Les gérants sont les premiers bénéficiaires, mais aussi les premières victimes de ce lissage, qui ne pousse pas à la recherche d'une trop grande surperformance puisqu'elle ne sera jamais rémunérée à la hauteur des attentes.

« Interviewé 3 » fait également le constat que l’équipe de gestion a pris plus d’importance qu’auparavant puisque l’organisation « permet aussi la diminution du poids de l’individu en faveur du poids de l’équipe ». Chez « Interviewé 3 », le phénomène de starisation est également combattu :

[…] sur des activités plus spécialisées (comme, par exemple, les stratégies devant délivrer de la performance absolue, sans référence associée) des contrôles ad hoc sont mis en place. Il s’agit généralement des contrôles qualitatifs qui sont plus coûteux. Ceci dit, l’organisation vise au maximum l’élimination de ces activités qui obligent la société de gestion à dépendre d’un nombre limité de spécialistes [important coût du contrôle, starisation, augmentation du risque d’image]

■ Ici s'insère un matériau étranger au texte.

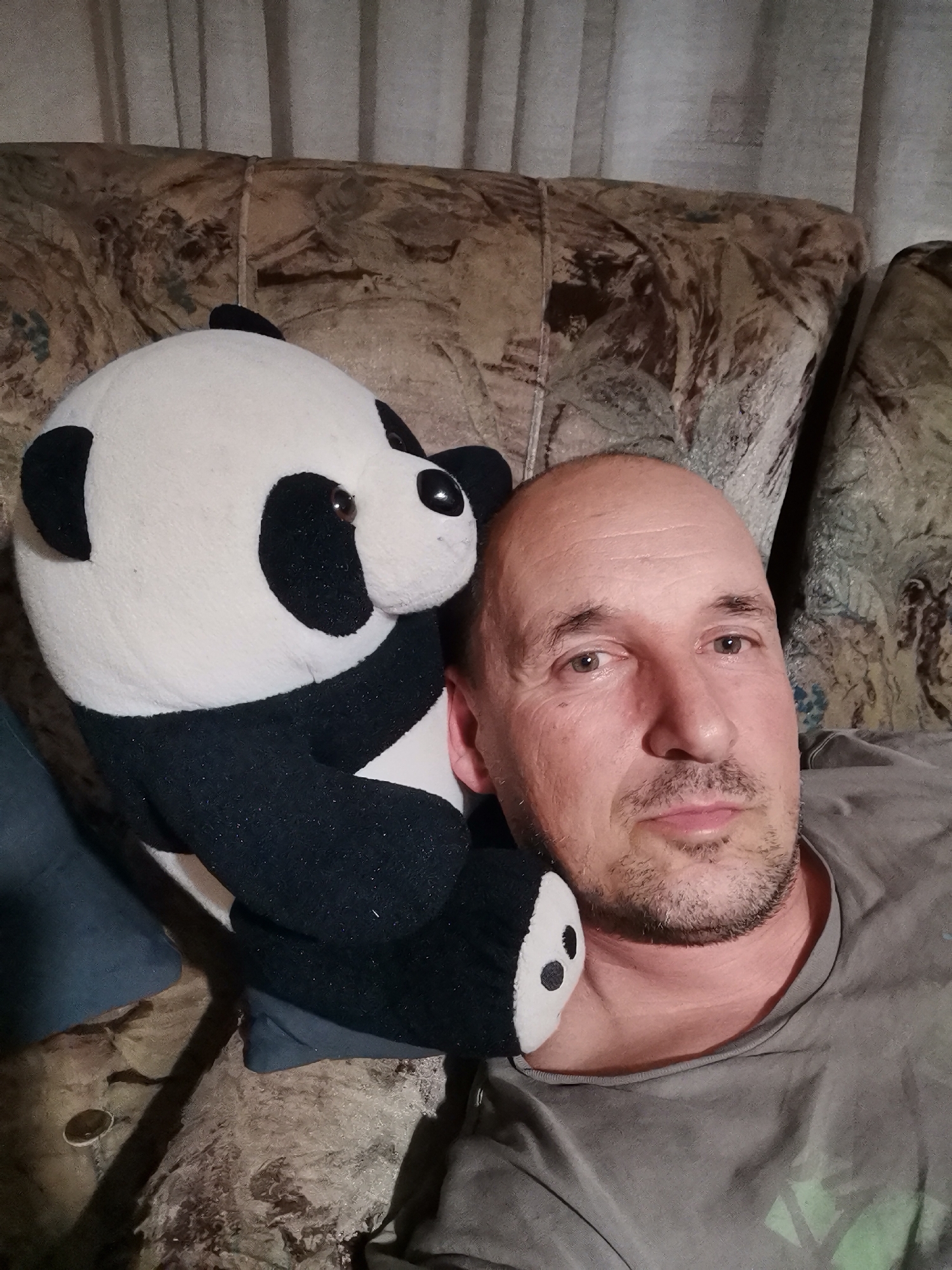 This image depicts an indoor scene in the city of Obrochishte, Bulgaria. A single adult male subject is positioned in the foreground, lying on his back, with his head turned slightly towards the camera. He has a light stubble beard and is wearing a plain grey t-shirt. His eyes are open, and his expression is neutral. To the left of the man's head, a large black and white panda plush toy is resting, its body partially obscured by the man's shoulder and neck area. The background consists of an upholstered sofa or couch with a dark, abstract patterned fabric in shades of brown and tan. Above the sofa, light-colored curtains are visible. A blue fabric or cushion is partially visible to the lower left of the panda toy. The scene is illuminated by an artificial light source.
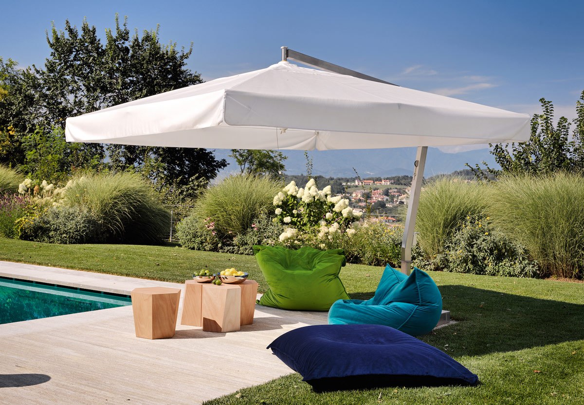 - Side-arm Umbrella: With a sturdy and adjustable structure, this umbrella provides a large shaded area without the need for a center pole. Ideal for creating flexible and organized spaces.
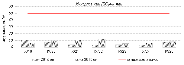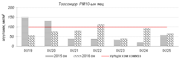 Улаанбаатар хотын агаарт түгээмэл бохирдуулах бодис хүхэрлэг хий /SO2/, азотын давхар исэл /NO2/, тоосонцор /PM10, PM2.5/, нүүрстөрөгчийн дутуу исэл /CO/, озон /O3/-ы агууламжийг тодорхойллоо.
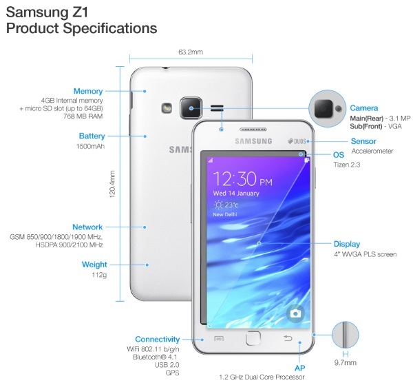 Samsung Z1 оказалсся бюджетным аппаратом и получил 4-дюймовый PLS-дисплей с разрешением 800х480, двухъядерный процессор с тактовой частотой 1,2 ГГц, 768 МБ оперативной и 4 ГБ встроенной расширяемой памяти, есть поддержка 3G, WiFib/g/n, Bluetooth4.1, A-GPS, FM-радио.

Cela rejoint le point de Méric (2011) pour lesquels les experts, créatifs, « sont une source majeure de risque opérationnel ». On retrouve cette volonté de prudence chez « Compagnie A » ainsi que le relate « Interviewé 1 » :

[…] la tentation existe alors d’éliminer tous les risques : « Compagnie A » est régulièrement tentée de restreindre son champ d’action afin de réduire la menace de s’engager dans une activité possiblement frauduleuse. La lutte contre l’éventuelle fraude devient alors un prétexte pour la non-décision, l’inaction.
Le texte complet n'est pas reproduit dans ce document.